# Activity:
Please print every record below exactly as it appears, but leave out the pictures.

# Provided data:
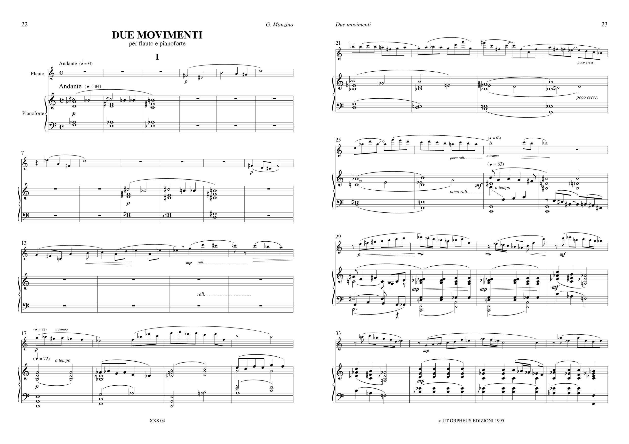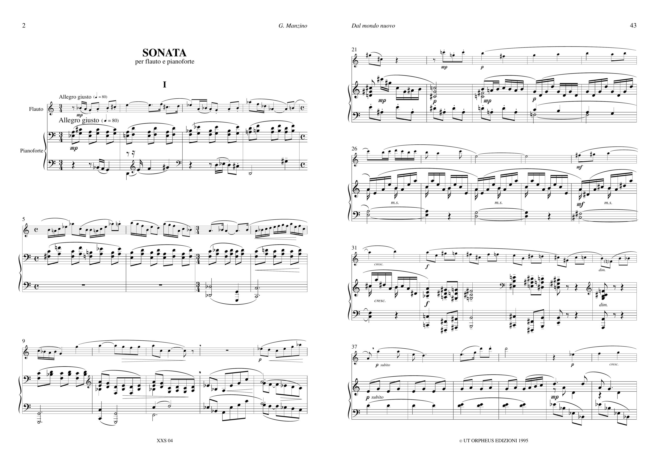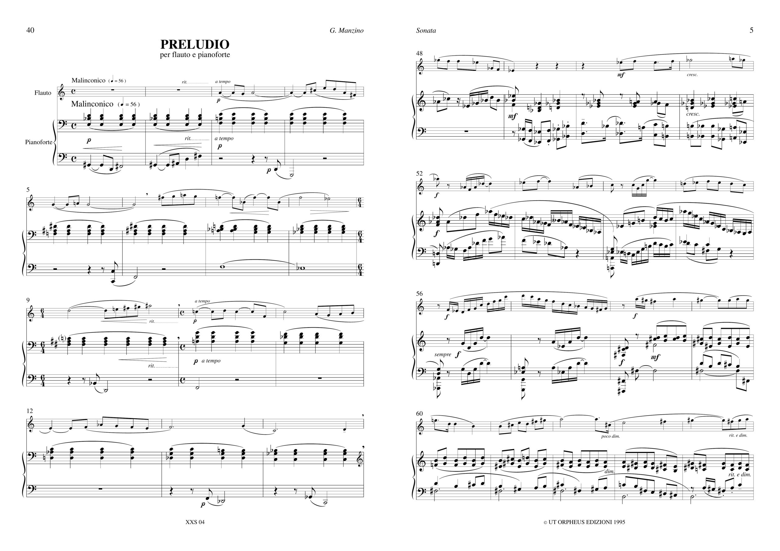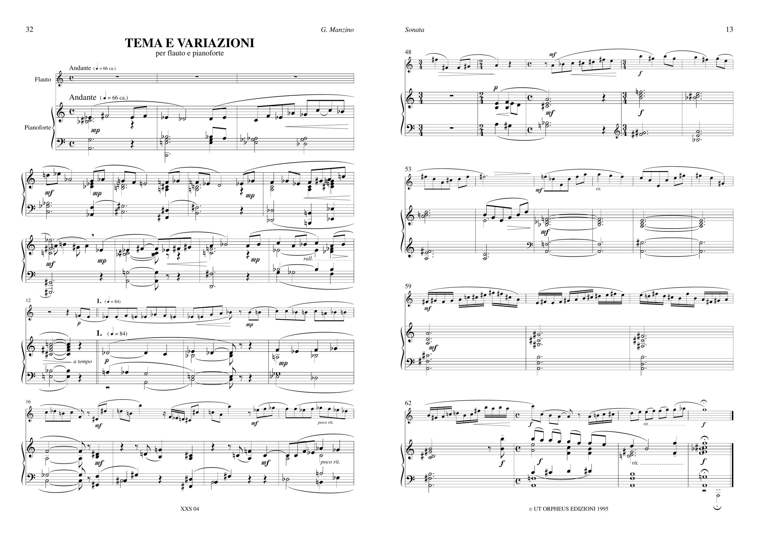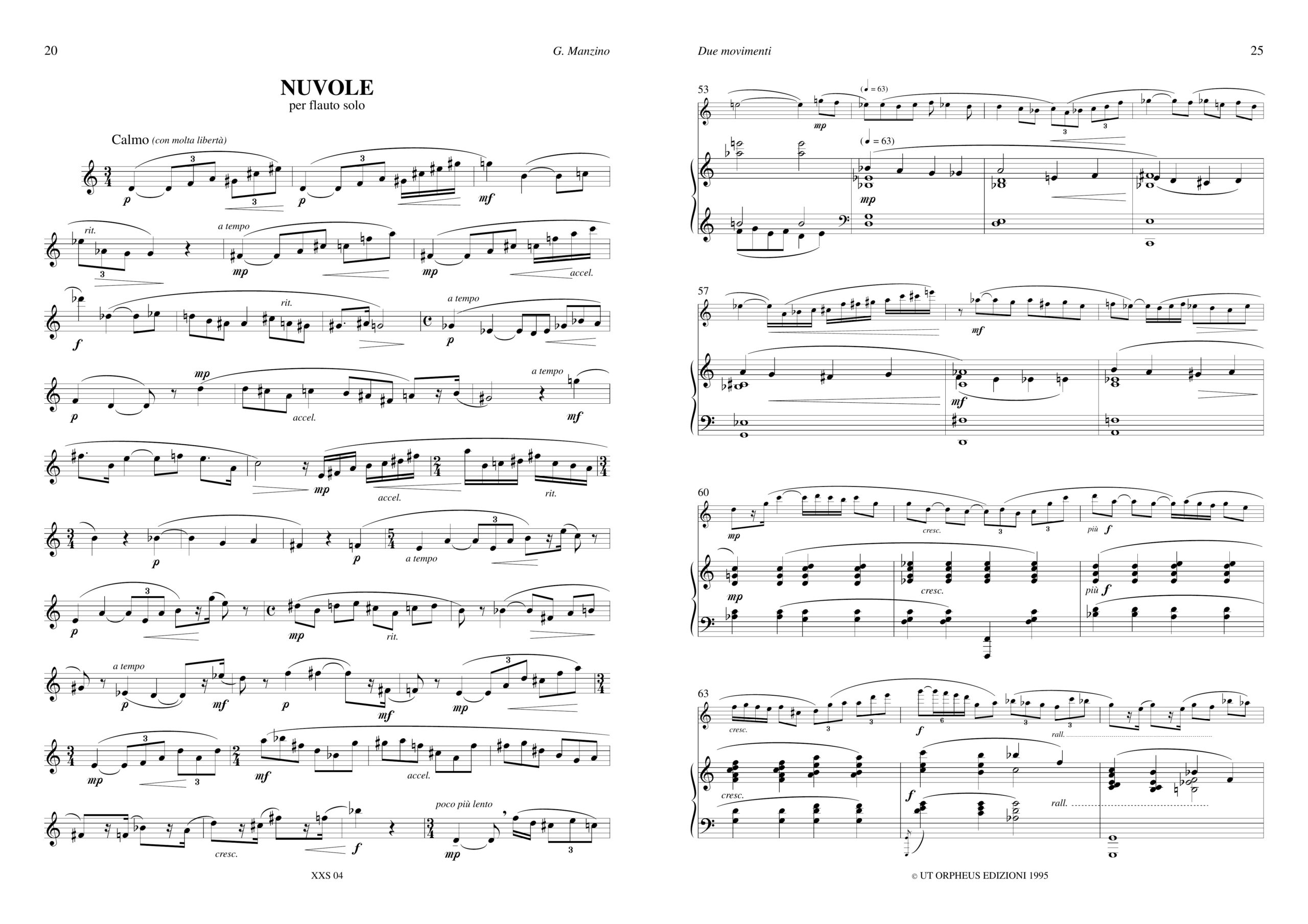 Manzino, Giuseppe: Opere per Flauto e Pianoforte. “Nuvole” per Flauto solo
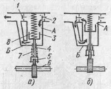 а - рух поршня вниз - паливо подається до насоса високого тиску; б - рух поршня нагору - паливо заповнює порожнину Б; 1 - нагнітальний і 2 - впускний клапани; 3 - поршень; 4 - шток; 5 - ролик; 6 - кулачок вала приводу; 7 і 8 - пружини; А и Б - порожнини
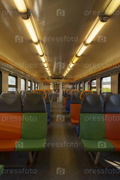 Интерьер пустого вагона поезда с разноцветными сиденьями
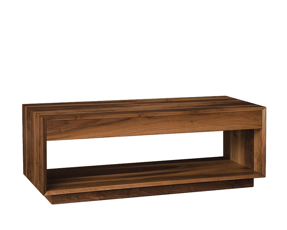 The Modern coffee table is a beautiful clean design that highlights the beauty of the wood with the waterfall of grain down the sides. It also features one large drawer on the front that blends in with the design.
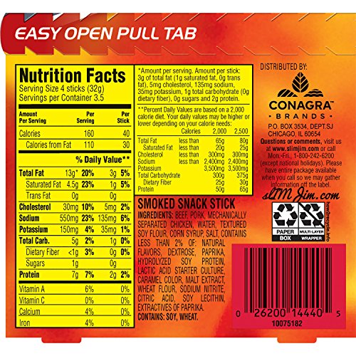 Slim Jim Smoked Snack Sticks, Original, .28-Ounce, 14 Count
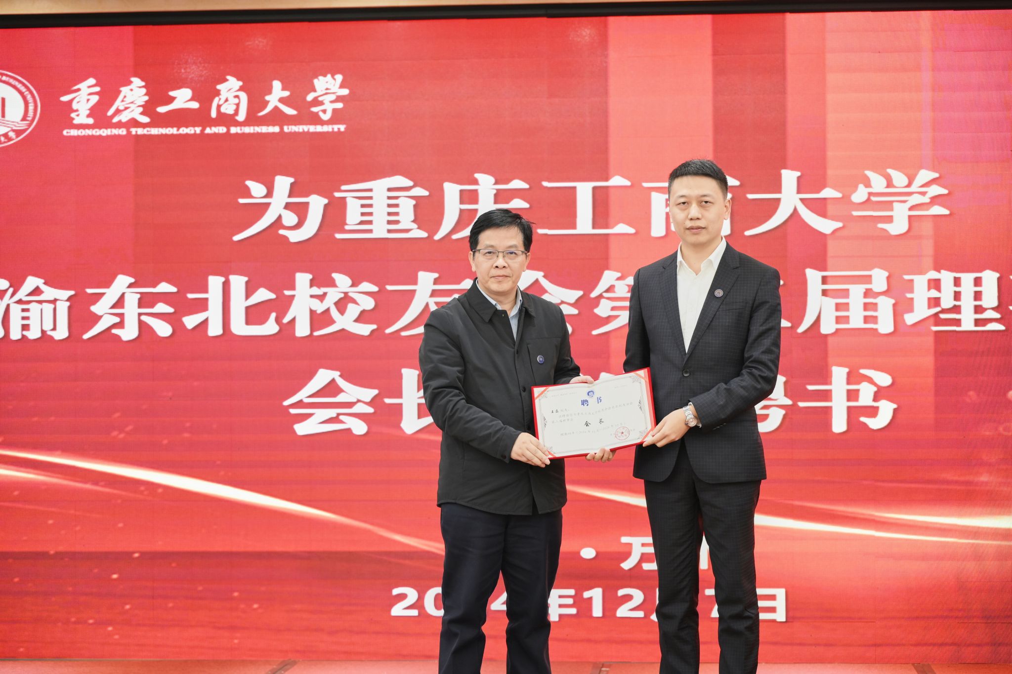 会议审议通过了《万象城娱乐awc线路渝东北校友会管理办法》,选举产生了万象城娱乐awc线路渝东北校友会第二届理事会。与会领导为新当选的渝东北校友会第二届理事会成员颁发了聘书。
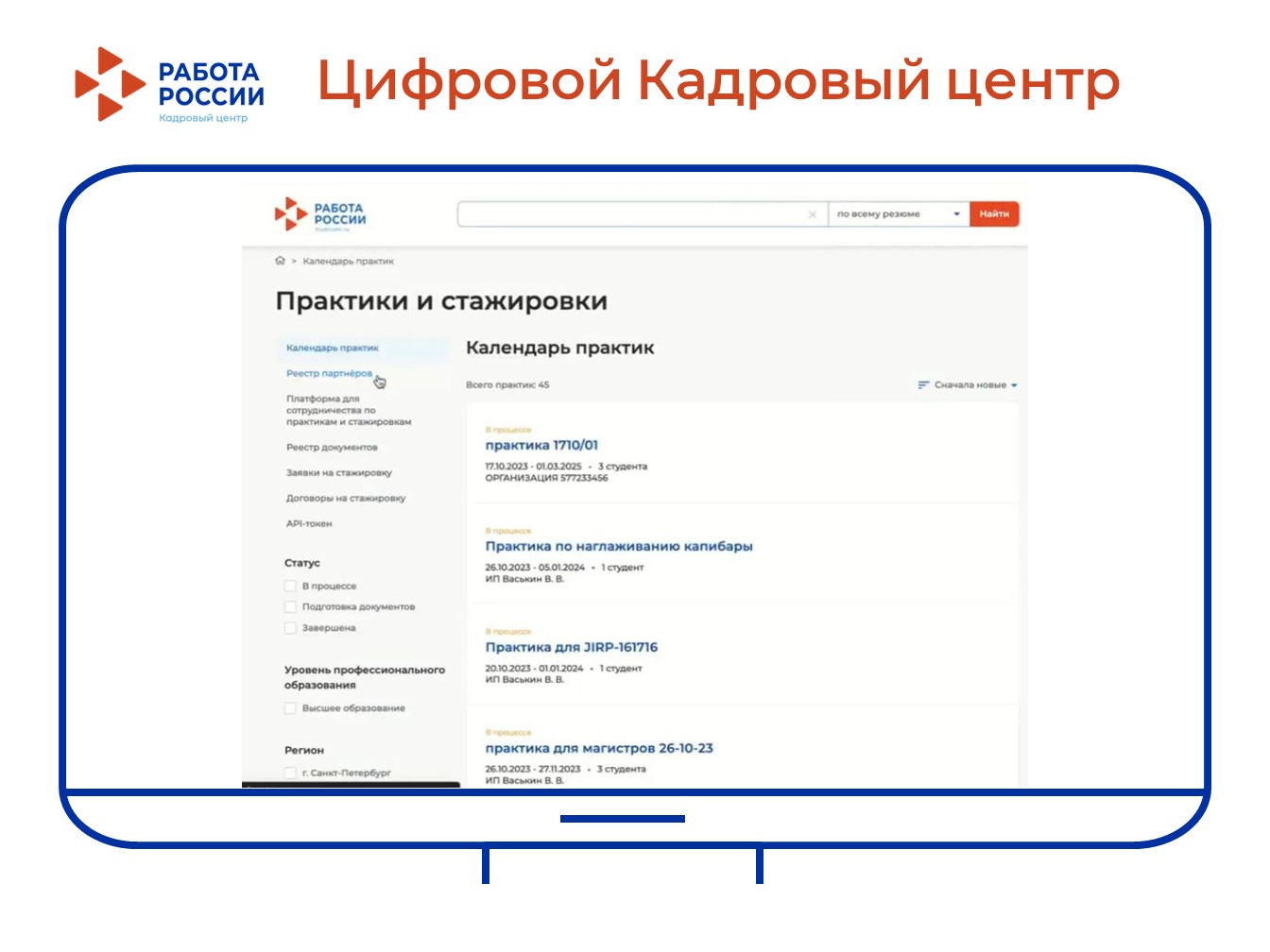 Подробно процесс описан в инструкции для работодателя и видео-демонстрации в разделе «Информация о практиках и стажировках».

# Answer:
 Manzino, Giuseppe: Opere per Flauto e Pianoforte. “Nuvole” per Flauto solo
 а - рух поршня вниз - паливо подається до насоса високого тиску; б - рух поршня нагору - паливо заповнює порожнину Б; 1 - нагнітальний і 2 - впускний клапани; 3 - поршень; 4 - шток; 5 - ролик; 6 - кулачок вала приводу; 7 і 8 - пружини; А и Б - порожнини
 Интерьер пустого вагона поезда с разноцветными сиденьями
 The Modern coffee table is a beautiful clean design that highlights the beauty of the wood with the waterfall of grain down the sides. It also features one large drawer on the front that blends in with the design.
 Slim Jim Smoked Snack Sticks, Original, .28-Ounce, 14 Count
 会议审议通过了《万象城娱乐awc线路渝东北校友会管理办法》,选举产生了万象城娱乐awc线路渝东北校友会第二届理事会。与会领导为新当选的渝东北校友会第二届理事会成员颁发了聘书。
 Подробно процесс описан в инструкции для работодателя и видео-демонстрации в разделе «Информация о практиках и стажировках».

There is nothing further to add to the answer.